Audience composition

We had 341 registrations with just over 65% originating from the Higher Education sector. Researchers and PhD students accounted for nearly 37% of the registrations whilst research support staff accounted for an additional 33%. We also had registrations from at least 30 countries outside of the UK including significant attendance from Denmark, Holland, Germany and Canada. We were thrilled to see that on the actual day 187 people attended the webinar.

We held five online webinars during Cambridge Data Week and were pleased to see that nearly 25% of the participants attended more than one webinar. A total of 1364 people registered and more than 700 attended all together, with the rest possibly watching the recordings at a later date. Most of all we were pleased to welcome participants from all over the world and see how important research data management topics are globally.

Where data was available, we identified the following countries apart from the UK:  Australia, Austria, Bangladesh, Brazil, Canada, Colombia, Croatia, Czech Republic, Denmark, France, Germany, Greece, Holland, Hungary, Iran, Luxembourg, Moldova, Norway, Poland, Romania, Singapore, Spain, Sweden, Switzerland, Turkey, Ukraine and the USA.

Recording , transcript and presentations

The video recording of the webinar can be found below and the recording, transcript and presentations are present in Apollo, the University of Cambridge repository

Bonus material

After the session ended, we continued the discussion with Louise and Tiberius looking in particular at one question posed by an audience member:

AI can always be used either for good or bad.
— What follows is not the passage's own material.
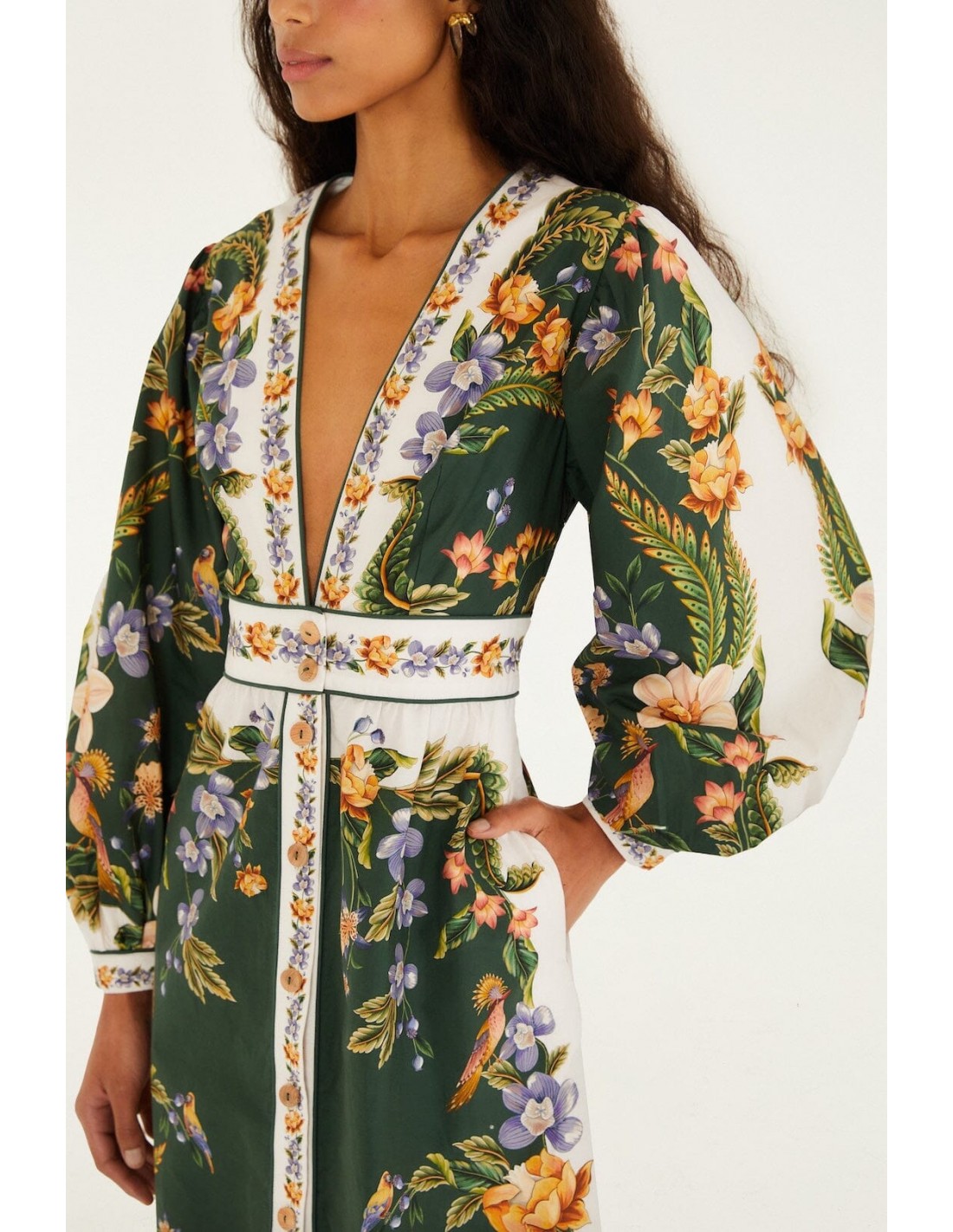 Descubre el vestido maxi Green Nature V Neck Buttoned de FARM Rio, una prenda vibrante y femenina que captura la esencia de la naturaleza con un diseño lleno de color y movimiento. Su estampado en tonos verdes, inspirado en paisajes naturales, aporta frescura y personalidad a cualquier look.
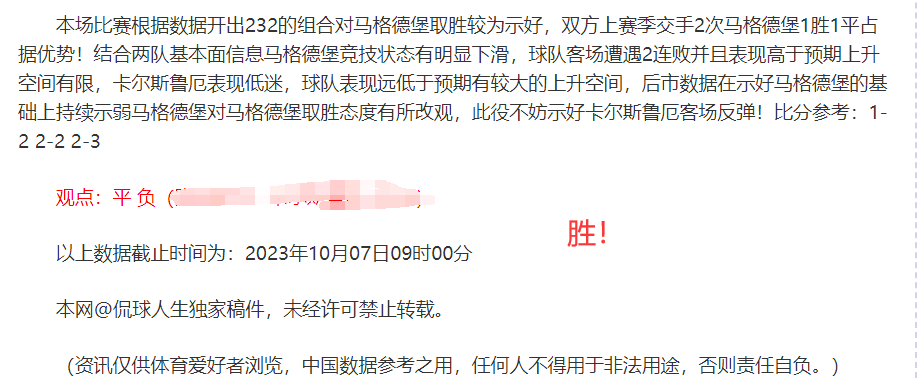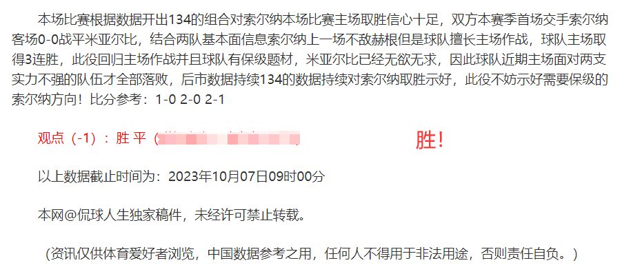 (温馨提示:观点回顾为已完场赛事的统计,并不能代表未来的观点预测结果走势,观点仅为其个人意见,与平.台无关。资讯仅供体育爱好者浏览,并不构成购.彩建议,任何人不得用于非法用途,请广大用户理性消费。)

Instead of locking-in, how can we enhance technology through data and regulation? 

Tiberius Ignat I think at this point we need regulation. I’m not a big fan of using regulations, to be honest. I think it’s much better to motivate people but, in this case, it’s quite a bit of control that has been lost, so I think we should have a regulation on how research data can be reused by others. This is how the internet has been made profitable during the last decade — through non-human persuasion. All these companies that are giving so much away for free are making billions of dollars when you look at the stock market. We were not clear how they were making this profit until recently when we realised that they are doing it by changing our behaviour and I think the rest of society – including research organisations – are behind them, so we need some regulation.

A good example is with GDPR. It has been introduced to protect our data, our digital footprint. On ResearchGate or Eurosport, or any other website, we used to be asked to agree to cookies or not. Recently, a new option called “Legitimate interest” has been slipped in and our digital data is again collected – less noticeably – by invoking questionable legitimate rights. The organisations whose model is based on persuading need cookie data, so they have moved the discussion away from remaining GDPR compliant to defending their legitimate interests. They are fighting to take data away from us. We can tackle this with regulation faster but in the long term we need to educate people to be more aware. We do have licenses such as Creative Commons but I’m not sure we have the right ones to protect us.

Louise Corti There are a variety of licenses, but they are abused and it’s very hard to track along the way what has gone wrong. I quite like the UK Government’s approach with some of their statistical data that has to go through a legal gateway. Some data can be made available for research, but it has to be done for the public good. We also have the Ethics Self-Assessment Tool, which is a grid you go through provided by the Statistics Authority and it asks you to think along lots of different dimensions of ethics. This helps researchers get a better sense of what they are trying to do, but whether the people we are talking about would care about it is a very different matter. Having been in research ethics for a very long time, that is by far the best tool I’ve seen and I recommend everyone uses it. The UK Data Archive uses it to evaluate some of the projects we deal with because you find often university ethics approvals are not good enough for the Statistics Authority because often they don’t understand quantitative secondary analysis, so the ethics scrutiny is not good enough. Self-Assessment is a much more nuanced thinking about the different dimensions of ethics and it helps researchers to be a bit more reflective about what’s good and what’s not.

Conclusion

Overall, the session provided a compelling blend of both the practical and conceptual elements of data reuse, each raising questions which could have easily been entire sessions in themselves. Louise’s presentation gave an excellent overview of the UK Data Service’s approach to making their datasets more reusable and promoting them to maximise their chances of being reused. Tiberius’ session raised some interesting questions surrounding data reuse and the ethics of using algorithms to persuade humans, as well as looking at some practical options for protecting research data from reuse for nefarious ends. At the end of the session, the audience were asked to participate in a poll on “What future developments are needed to increase the prevalence of data reuse?”.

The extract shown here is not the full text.